Without including any pictures, give back all of the data exactly.
☆ ☆ ☆
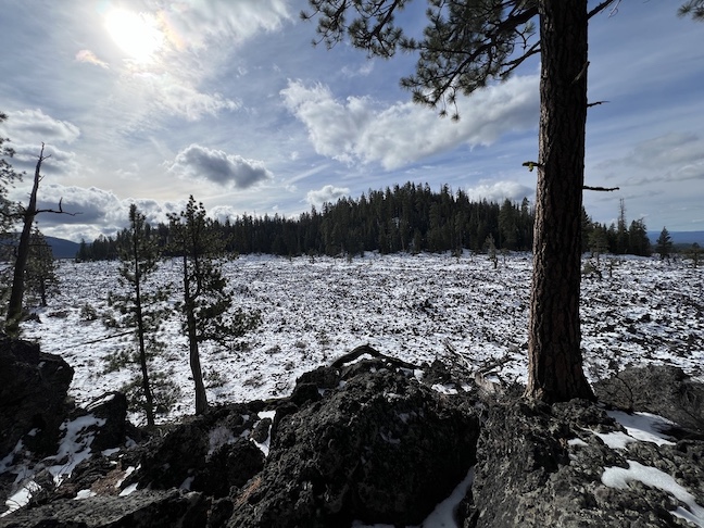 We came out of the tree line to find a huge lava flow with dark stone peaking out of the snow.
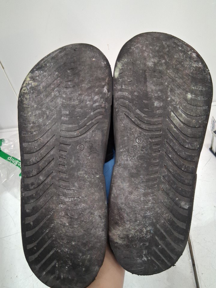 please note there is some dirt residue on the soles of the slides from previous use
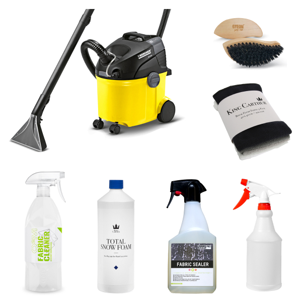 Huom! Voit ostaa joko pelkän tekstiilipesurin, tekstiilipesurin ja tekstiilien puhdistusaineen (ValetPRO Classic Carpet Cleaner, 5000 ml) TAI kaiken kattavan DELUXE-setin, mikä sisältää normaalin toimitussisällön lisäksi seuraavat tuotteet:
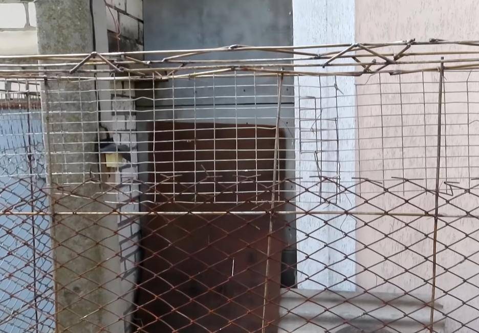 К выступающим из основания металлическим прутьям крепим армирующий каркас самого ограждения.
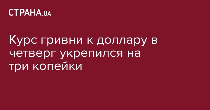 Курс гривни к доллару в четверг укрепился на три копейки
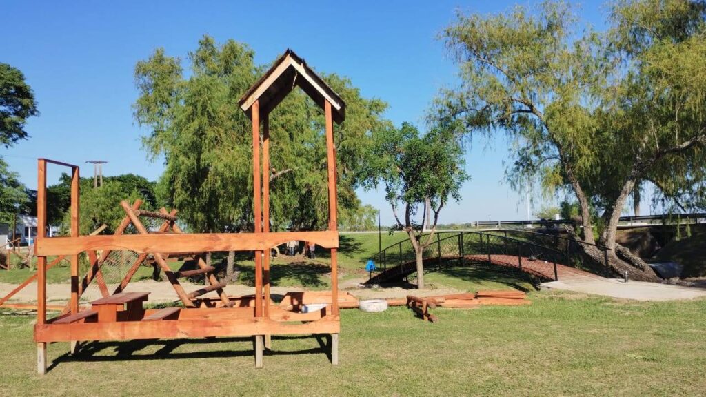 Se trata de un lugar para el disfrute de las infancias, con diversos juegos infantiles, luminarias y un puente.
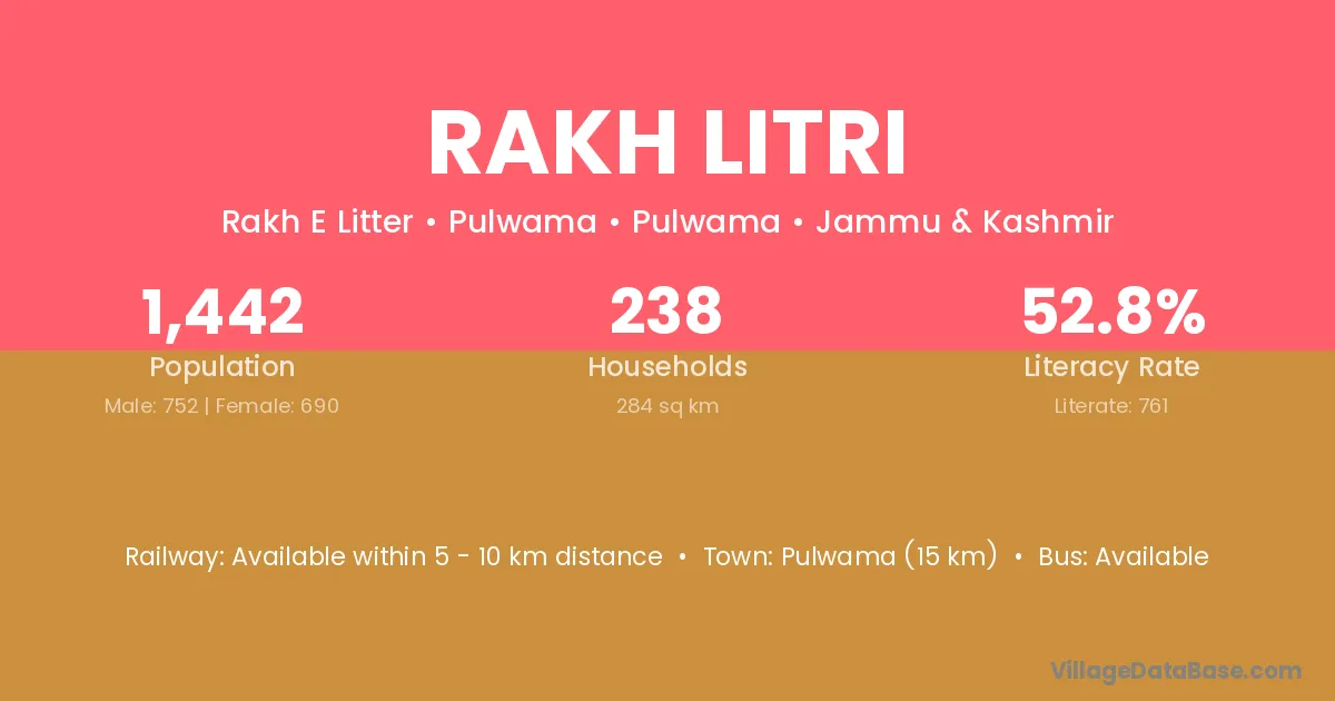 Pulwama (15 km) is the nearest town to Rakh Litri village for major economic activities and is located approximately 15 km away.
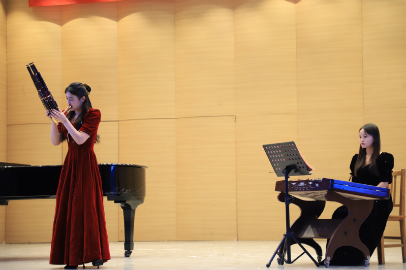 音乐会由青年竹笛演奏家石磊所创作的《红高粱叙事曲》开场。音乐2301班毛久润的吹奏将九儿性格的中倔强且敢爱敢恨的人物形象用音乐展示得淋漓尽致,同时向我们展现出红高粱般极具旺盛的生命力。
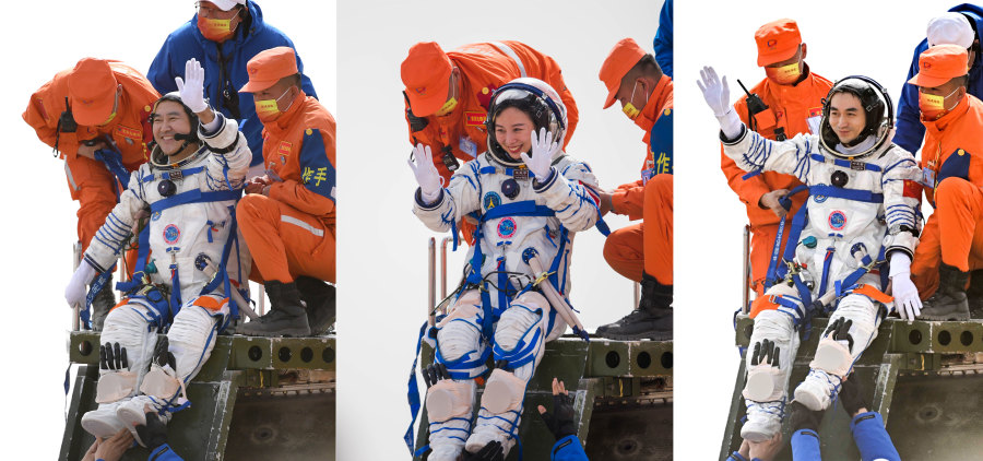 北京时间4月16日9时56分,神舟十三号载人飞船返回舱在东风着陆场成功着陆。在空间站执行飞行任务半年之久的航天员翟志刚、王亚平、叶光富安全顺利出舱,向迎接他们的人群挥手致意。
☆ ☆ ☆
Solution to this task:
 We came out of the tree line to find a huge lava flow with dark stone peaking out of the snow.
 please note there is some dirt residue on the soles of the slides from previous use
 Huom! Voit ostaa joko pelkän tekstiilipesurin, tekstiilipesurin ja tekstiilien puhdistusaineen (ValetPRO Classic Carpet Cleaner, 5000 ml) TAI kaiken kattavan DELUXE-setin, mikä sisältää normaalin toimitussisällön lisäksi seuraavat tuotteet:
 К выступающим из основания металлическим прутьям крепим армирующий каркас самого ограждения.
 Курс гривни к доллару в четверг укрепился на три копейки
 Se trata de un lugar para el disfrute de las infancias, con diversos juegos infantiles, luminarias y un puente.
 Pulwama (15 km) is the nearest town to Rakh Litri village for major economic activities and is located approximately 15 km away.
 音乐会由青年竹笛演奏家石磊所创作的《红高粱叙事曲》开场。音乐2301班毛久润的吹奏将九儿性格的中倔强且敢爱敢恨的人物形象用音乐展示得淋漓尽致,同时向我们展现出红高粱般极具旺盛的生命力。
 北京时间4月16日9时56分,神舟十三号载人飞船返回舱在东风着陆场成功着陆。在空间站执行飞行任务半年之久的航天员翟志刚、王亚平、叶光富安全顺利出舱,向迎接他们的人群挥手致意。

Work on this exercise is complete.